Eigentlich wollte RWE endlich aufsteigen. Stattdessen räumen die Spieler nach dem vorzeitigen Saisonende ihre Spinde aus und wissen nicht, wie es weitergeht. Die Geschichte einer bizarren Saison.
Doch bevor die Saison beginnt, klappt schon der Erste zusammen. Beim Auftaktspiel am Freitagabend gegen die Zweite von Borussia Dortmund ist es immer noch so heiß, dass an der Einfahrt zum Stadion ein älterer Herr auf dem Boden sitzt. Nachdem ihm jemand eine Flasche Wasser gereicht hat, rappelt er sich wieder auf. Schon jetzt ist klar: Die Fans werden auch in diesem Jahr alles geben. 14 500 Zuschauer sind zur Premiere gekommen, mit Viertliga-Alltag hat dieses Ambiente wenig zu tun. Auch Sascha Peljhan ist da, ein wenig skeptisch, wie die eingefleischten RWE-Fans im Stadion auf ihn reagieren werden. Meist wird er aber noch gar nicht erkannt.

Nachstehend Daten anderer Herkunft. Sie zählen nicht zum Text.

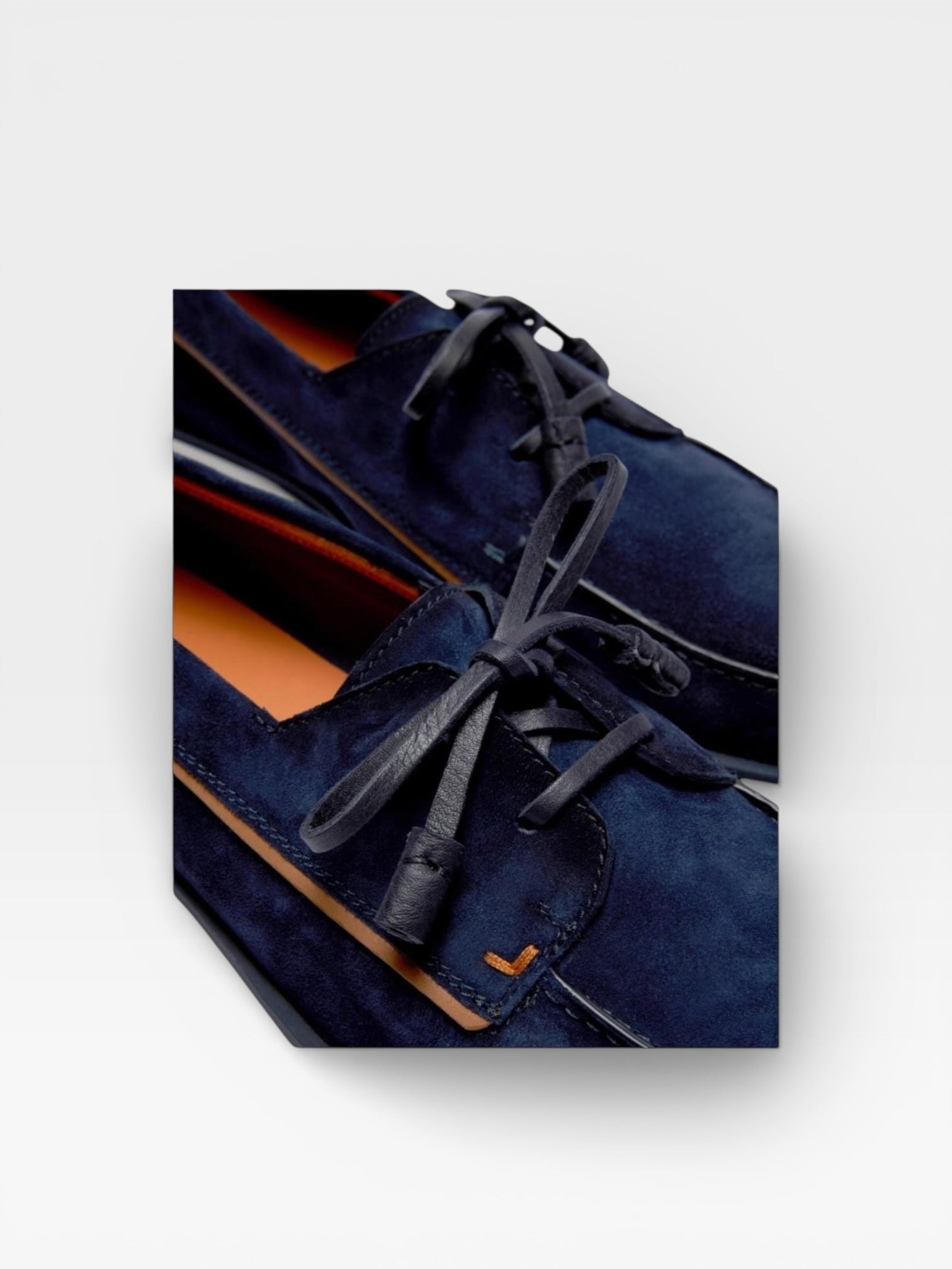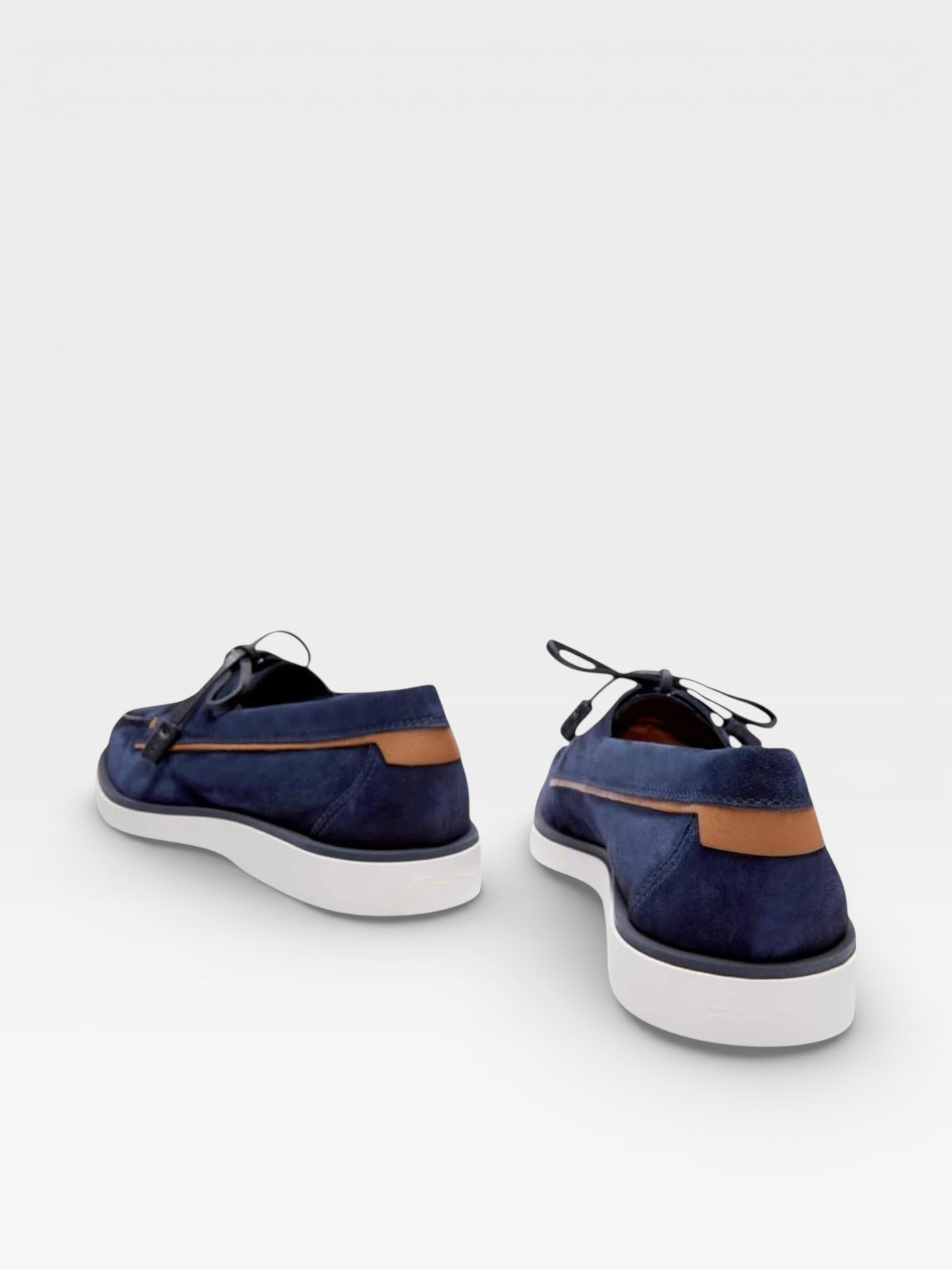 Oyster hybrid loafer for men from Santoni in navy and sand. The model model impresses thanks to the high-quality, soft suede finish and the casual casual rubber sole, this model impresses with its elegant look and high level of comfort, while the characteristic topstitching and lacing skilfully complete the masculine look. skilfully complete the masculine look.

Die Teams der Regionalliga West sind wie durch eine unsichtbare Grenze geteilt. Da sind zum einen die Mannschaften, die sogenannten „Männerfußball“ spielen, mit baumlangen Abwehrspielern, die in den letzten Minuten nach vorne gehen, und mehr Kick & Rush als Spielkultur. Und dann die U23-Teams der Bundesligisten: junge Kerle, manchmal etwas schmächtig, aber fein ausgebildet, überragend am Fuß. Wer in dieser Liga etwa gewinnen will, muss gegen beide bestehen.
Gegen den BVB ist gleich zu sehen, was die Leute ab sofort von Rot-Weiss Essen erwarten können. Torwart Marcel Lenz steht ständig dreißig Meter vor dem eigenen Tor. Es ist ein riskantes Spiel. Und nach der zweiten hitzebedingten Trinkpause ist es so weit: RWE verliert den Ball im Mittelfeld, Lenz steht auf verlorenem Posten – 0:1. Im Stadion an der Hafenstraße wird es zur Pause unruhig. Wat ’ne Scheiße! Danach ein ähnliches Bild: Essen versucht alles, nichts gelingt. Bis Amara Condé unvermittelt aus 25 Metern aufs Tor schießt. Das Ding sitzt, 1:1. Die Fans singen: „Oh, RWE!“, das alte Lied. In der fünften Minute der Nachspielzeit hat Essen noch einmal den Ball. Ungeschicktes Zweikampfverhalten zweier Dortmunder, der Schiedsrichter entscheidet auf Elfmeter. Alexander Hahn nimmt sich den Ball und trifft zum 2:1.
Marcus Uhlig ist danach nicht mehr zu halten, er klettert über die Tribünenplätze und nimmt mehrere Stufen auf einmal. Schnell runter in die Katakomben und ab aufs Spielfeld. Am Kabinenausgang trifft er auf Mike Tullberg, den Trainer des Gegners. „Unfassbar!“, brüllt der BVB-Coach entgeistert. Draußen feiern die Essener Spieler. Unfassbar – und das war erst der Auftakt. Als Uhlig vom Platz zurückkommt, greift er sich ans Herz.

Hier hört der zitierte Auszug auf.